10 00 p.m.: Lucky is the biggest K-pop star on the scene, and she’s just performed her hit song “Heartbeat” in Hong Kong to thousands of adoring fans. She’s about to debut on The Tonight Show in America, hopefully a breakout performance for her career. But right now? She’s in her fancy hotel, trying to fall asleep but dying for a hamburger.
11 00 p.m.: Jack is sneaking into a fancy hotel, on assignment for his tabloid job that he keeps secret from his parents. On his way out of the hotel, he runs into a girl wearing slippers, a girl who is single-mindedly determined to find a hamburger. She looks kind of familiar. She’s very cute. He’s maybe curious.
12:00 a.m.: Nothing will ever be the same.
Why do I recommend it? This book features a photographer and a singer both of whom are very creative and use that creativity and the passion for their art of choice. I really liked that despite their secrets and differences Lucky and Jack worked really well together. I liked how they explored Hong Kong together. It’s a summery, wonderful book about two people just trying to get by while following their hearts.

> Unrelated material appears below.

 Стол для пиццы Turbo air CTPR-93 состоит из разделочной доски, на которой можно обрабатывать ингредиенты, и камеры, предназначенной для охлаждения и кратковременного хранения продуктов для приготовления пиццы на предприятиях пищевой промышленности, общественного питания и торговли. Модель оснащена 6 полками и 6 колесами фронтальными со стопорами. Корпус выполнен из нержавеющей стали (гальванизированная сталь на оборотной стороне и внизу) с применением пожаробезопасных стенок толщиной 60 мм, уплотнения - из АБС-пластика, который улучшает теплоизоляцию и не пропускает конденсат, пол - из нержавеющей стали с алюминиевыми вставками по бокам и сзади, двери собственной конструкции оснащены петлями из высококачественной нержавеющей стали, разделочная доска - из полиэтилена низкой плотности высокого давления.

Rumi Seto spends a lot of time worrying she doesn’t have the answers to everything. What to eat, where to go, whom to love. But there is one thing she is absolutely sure of—she wants to spend the rest of her life writing music with her younger sister, Lea.
Then Lea dies in a car accident, and her mother sends her away to live with her aunt in Hawaii while she deals with her own grief. Now thousands of miles from home, Rumi struggles to navigate the loss of her sister, being abandoned by her mother, and the absence of music in her life. With the help of the “boys next door”—a teenage surfer named Kai, who smiles too much and doesn’t take anything seriously, and an eighty-year-old named George Watanabe, who succumbed to his own grief years ago—Rumi attempts to find her way back to her music, to write the song she and Lea never had the chance to finish.

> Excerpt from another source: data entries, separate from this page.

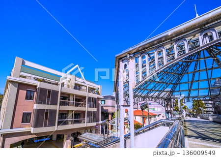 日本の横浜都市景観 横浜市営地下鉄 中川駅(東京都市大横浜キャンパス前)などを望む
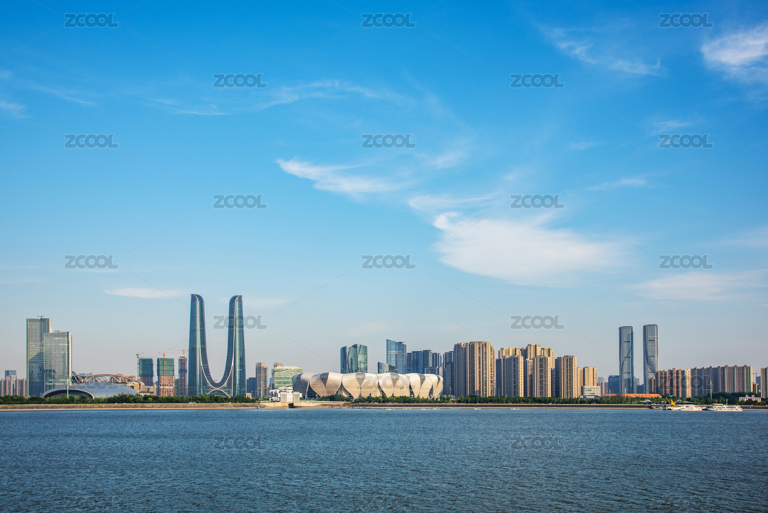 杭州錢塘江風(fēng)光 濱江現(xiàn)代建筑
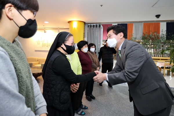 이 시장은 요한의 집 세실리아 원장 수녀로부터 안내를 받아 관계자들과 시설 곳곳을 둘러보고 입소자들에게 일일이 안부를 물으며 새해 인사를 건냈다.
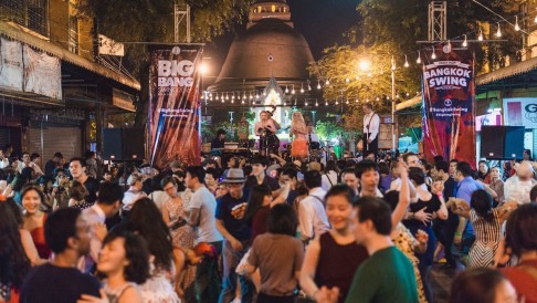 ขอเชิญทุกคนเตรียมชุดวินเทจ ผูกหูกระต่าย ทัดดอกไม้บนผม ใส่รองเท้าผ้าใบ แล้วไปงานเต้นสวิง 'Big Bang: Swing Dancing at Phra Pathom Chedi' ที่ปิดถนนรถไฟหน้าองค์พระปฐมเจดีย์ เปลี่ยนถนนให้เป็นงานเต้นรำย้อนยุคหนึ่งคืน

Why do I recommend it? Akemi Dawn Bowman has truly written a masterpiece with that. If that isn’t enough to connect it to Apollo, then there’s also the main character, Rumi. She’s a musician through and through and together with her sister, they make wonderful music for themselves. Lea’s death and Rumi loses her music. I loved how the novel interlaces music and grief and healing. It’s a sad but hopeful story, it’s a powerful one with beautiful messages.

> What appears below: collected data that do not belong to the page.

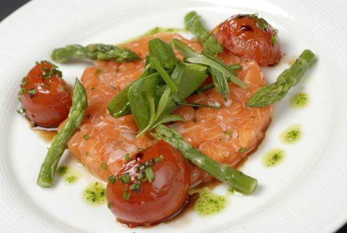- Tartare de saumon aux asperges vertes et tomates acidulées
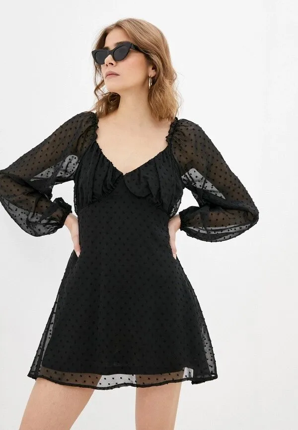 Ищешь сексуальное, но при этом ненавязчивое платье? Обрати внимание на модель со спущенными пышными рукавами. Чтобы создать чувственный образ, комбинируй вещь со светлой обувью и несложными украшениями.
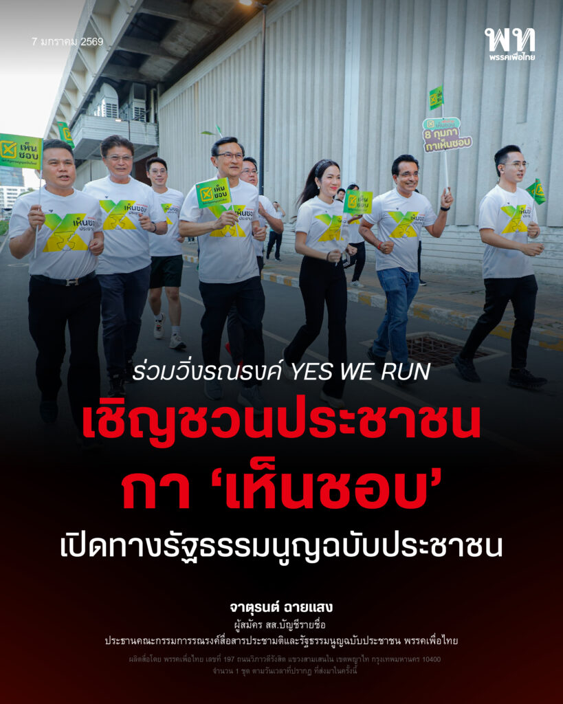 ‘เพื่อไทย’ วิ่งรณรงค์ YES WE RUN เชิญชวนประชาชนกา ‘เห็นชอบ’ เปิดทางรัฐธรรมนูญฉบับประชาชน

Kiko Himura has always had a hard time saying exactly what she’s thinking. With a mother who makes her feel unremarkable and a half-Japanese heritage she doesn’t quite understand, Kiko prefers to keep her head down, certain that once she makes it into her dream art school, Prism, her real life will begin.
But then Kiko doesn’t get into Prism, at the same time as her abusive uncle moves back in with her family. So when she receives an invitation from her childhood friend to leave her small town and tour art schools on the West Coast, Kiko jumps at the opportunity in spite of the anxieties and fears that attempt to hold her back. And now that she is finally free to be her own person outside the constricting walls of her home life, Kiko learns transformative truths about herself, her past, and how to be brave.
Why do I recommend it? Another beautiful story by Akemi Dawn Bowman. This one also shows grief and passion and art but in different ways than Summer Bird Blue does. Where Rumi is angry and grieving after a loss, Kiko is lonely and grieving for something she never had in the first place. She wants to follow her dream of painting but doesn’t really know how. It’s an honest, raw book about hope and escaping, about having your art speak for you when you don’t have the words for it.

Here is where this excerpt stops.